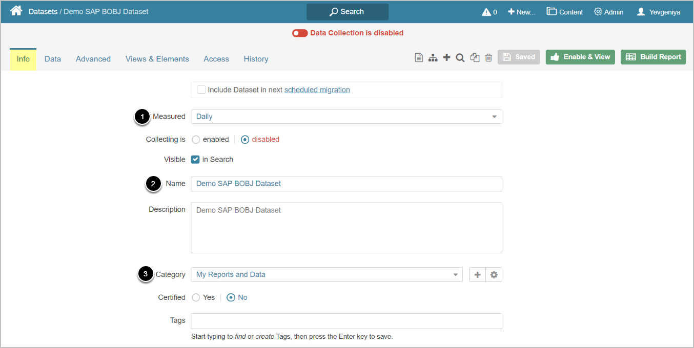 - Specify Category to place the Dataset
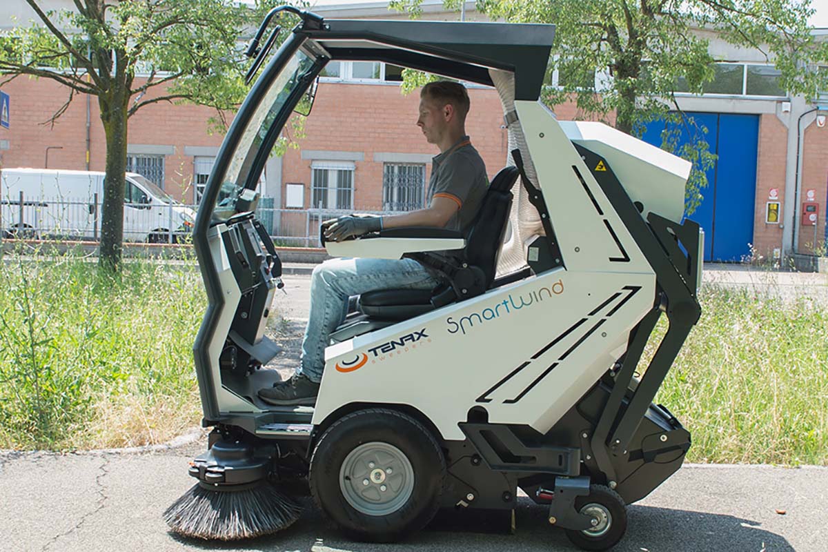 Die Aufsitz-Kehrmaschine SmartWind von Tenax ist ein leistungsstarkes und umweltfreundliches Reinigungsgerät, das sich für den Einsatz in städtischen Umgebungen und auf großen Flächen eignet. Ausgestattet mit einem vollelektrischen Antrieb, arbeitet sie emissionsfrei und leise.
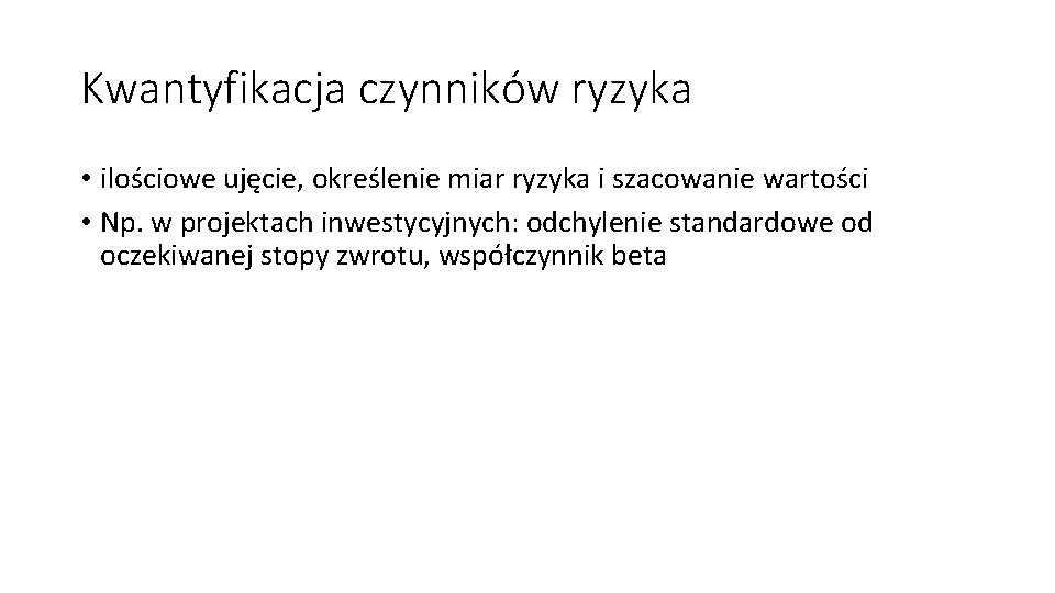 Kwantyfikacja czynników ryzyka • ilościowe ujęcie, określenie miar ryzyka i szacowanie wartości • Np. w projektach inwestycyjnych: odchylenie standardowe od oczekiwanej stopy zwrotu, współczynnik beta
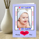 Esta placa de Dia de os pais de Pai apresenta como ponto focal uma foto fofa da sua pequena no meio de uma moldura que diz "Eu coração meu Pai" em dois lados. As palavras Dia de os pais Feliz aparecem na parte inferior com a palavra dentro do Pai coração vermelho. Uma maneira personalizada e adorável de dizer Dia de os pais feliz para seu Pai especial. Copyright Kathy Henis
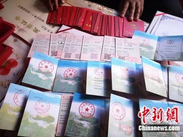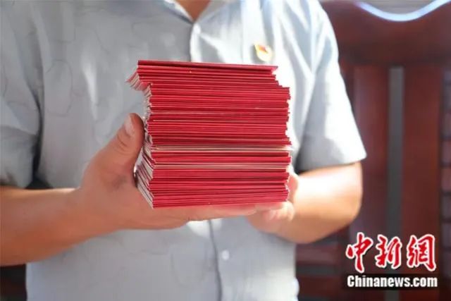 覃国际捧着厚厚一沓献血证。林馨 摄
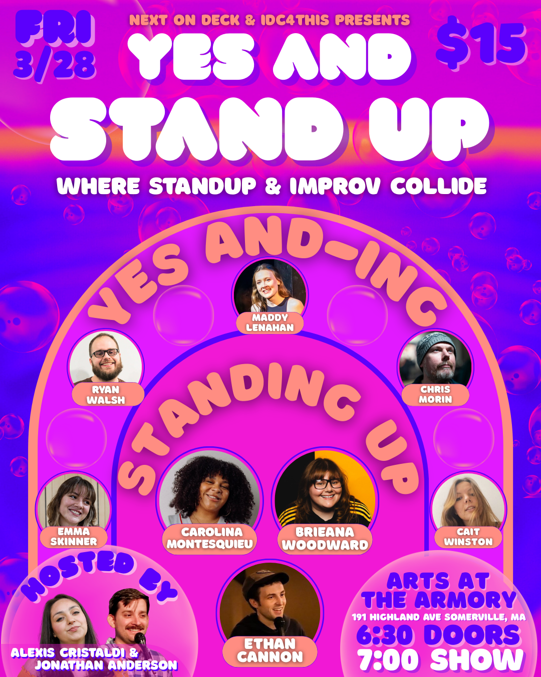 3 stand ups performing 10 mins each, and an indie improv team using those sets to inspire a 25 min set!!
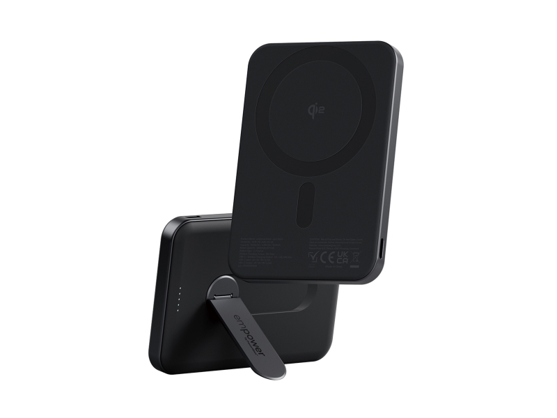 PanzerGlass empower by ® empower Bank w. Spin Stand | 5000mAh | Space Black, Apple, Apple - iPhone 17/16/15/14/13/12, Qi enabled smartphones, Airpods Pro Gen 2/3, Airpods Gen3, Tørr påføring, Sort, 1 stykker
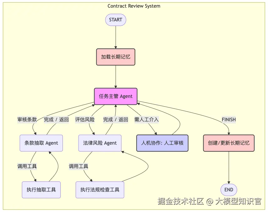 # 构建主图builder = StateGraph(ContractState)# 1. 添加业务逻辑节点builder.add_node("load_memory", load_memory) builder.add_node("create_memory", create_memory) builder.add_node("human_in_the_loop", human_in_the_loop_node) builder.add_node("supervisor", supervisor_agent)# 2. 添加子 Agent 及其工具执行节点 # 抽取 Agent builder.add_node("extraction_agent", extraction_agent) builder.add_edge("extraction_agent", "extraction_tool_node", check_for_tool_call) builder.add_node("extraction_tool_node", extraction_tool_node) builder.add_edge("extraction_tool_node", "extraction_agent")# 风险 Agentbuilder.add_node("risk_agent", risk_agent) builder.add_edge("risk_agent", "risk_tool_node", check_for_tool_call) builder.add_node("risk_tool_node", risk_tool_node) builder.add_edge("risk_tool_node", "risk_agent")# 3. 设置流程起点和核心路由 # 起点 builder.set_entry_point("load_memory")# 记忆加载 -> 主管builder.add_edge("load_memory", "supervisor")# 主管 -> 路由 (决定下一个 Agent, 人工介入, 或结束流程)builder.add_conditional_edges( "supervisor", route_supervisor, { "extraction_agent": "extraction_agent", "risk_agent": "risk_agent", "human_in_the_loop": "human_in_the_loop", "create_memory": "create_memory", } )# 子 Agent/工具执行完成 -> 返回给主管builder.add_edge("extraction_agent", "supervisor") # LLM 回答完成,返回主管 builder.add_edge("risk_agent", "supervisor") # LLM 回答完成,返回主管 builder.add_edge("extraction_tool_node", "extraction_agent") builder.add_edge("risk_tool_node", "risk_agent")# 人工介入完成 -> 返回给主管重新处理人工指令builder.add_edge("human_in_the_loop", "supervisor")# 记忆保存 -> 结束builder.add_edge("create_memory", END)# 编译最终的 Agent 图contract_review_app = builder.compile(checkpointer=checkpointer)
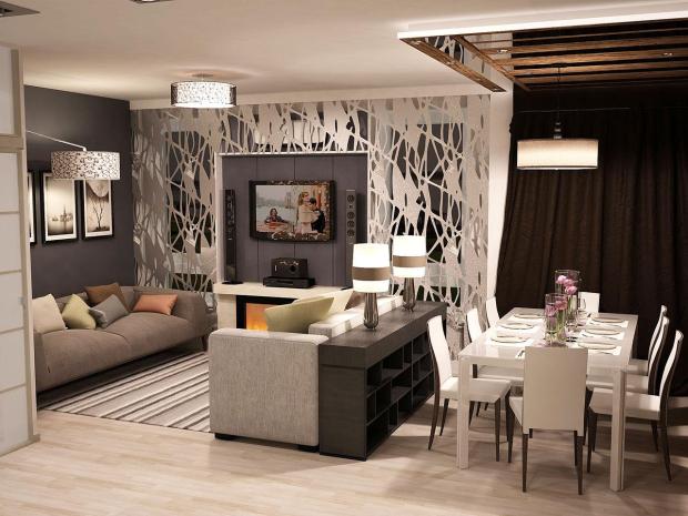 Открытая планировка квартиры может быть разграничена с помощью мебели. Развернуть диван спинкой по отношению к кухне, или поставить на границе кухни-столовой и гостиной барную стойку, подыскать эффектные дизайнерские стеллажи-стойки – самые распространенные приемы в зонировании пространства.
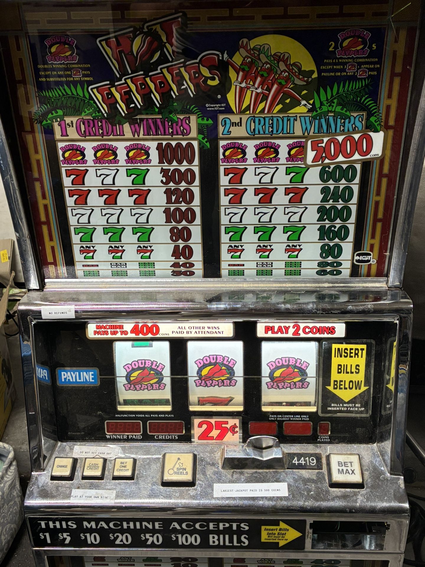 Hot Peppers slot machine by IGT 2 quarter max bet All the parts are there and it lights up but it doesn’t spin the reels. I bought a few of these machines in a bulk deal and this unit was working but something happened is what was told not sure what it needs. But it is complete. In decent shape as it sits it looks cool as a conversation piece.
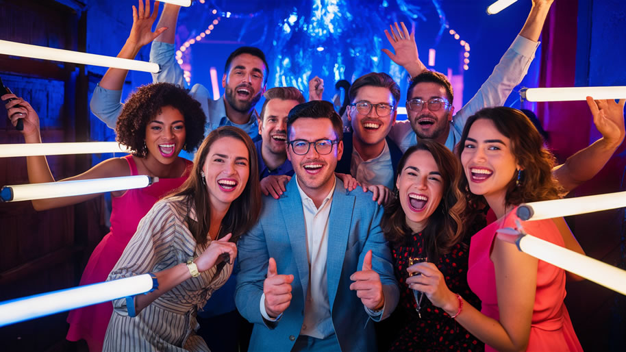 Ouvintes Fiéis Celebram com Selfie em Grupo
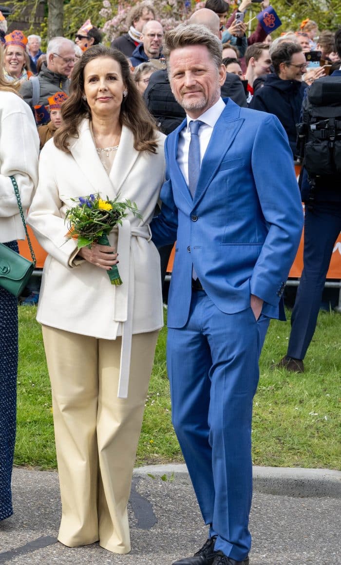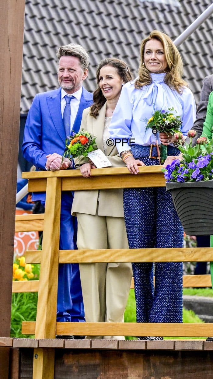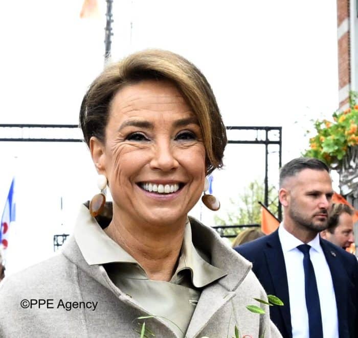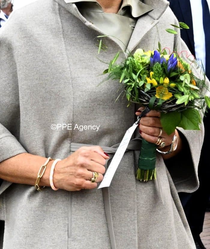 Qua sieraden van prinses Marilène: de vrouw van prins Maurits droeg haar schakelarmband, die afkomstig is van haar favoriete sieradenlabel Choices by DL. Met dank aan Linda kunnen we melden dat haar oorhangers afkomstig zijn van Sézane.

------------------------------------------------

_TASK TO COMPLETE_
Return only the lines from the start of the data through the line that contains "3 stand ups", please, copying them exactly and omitting all pictures.

_RESPONSE_
 - Specify Category to place the Dataset
 Die Aufsitz-Kehrmaschine SmartWind von Tenax ist ein leistungsstarkes und umweltfreundliches Reinigungsgerät, das sich für den Einsatz in städtischen Umgebungen und auf großen Flächen eignet. Ausgestattet mit einem vollelektrischen Antrieb, arbeitet sie emissionsfrei und leise.
 Kwantyfikacja czynników ryzyka • ilościowe ujęcie, określenie miar ryzyka i szacowanie wartości • Np. w projektach inwestycyjnych: odchylenie standardowe od oczekiwanej stopy zwrotu, współczynnik beta
 Esta placa de Dia de os pais de Pai apresenta como ponto focal uma foto fofa da sua pequena no meio de uma moldura que diz "Eu coração meu Pai" em dois lados. As palavras Dia de os pais Feliz aparecem na parte inferior com a palavra dentro do Pai coração vermelho. Uma maneira personalizada e adorável de dizer Dia de os pais feliz para seu Pai especial. Copyright Kathy Henis
 覃国际捧着厚厚一沓献血证。林馨 摄
 3 stand ups performing 10 mins each, and an indie improv team using those sets to inspire a 25 min set!!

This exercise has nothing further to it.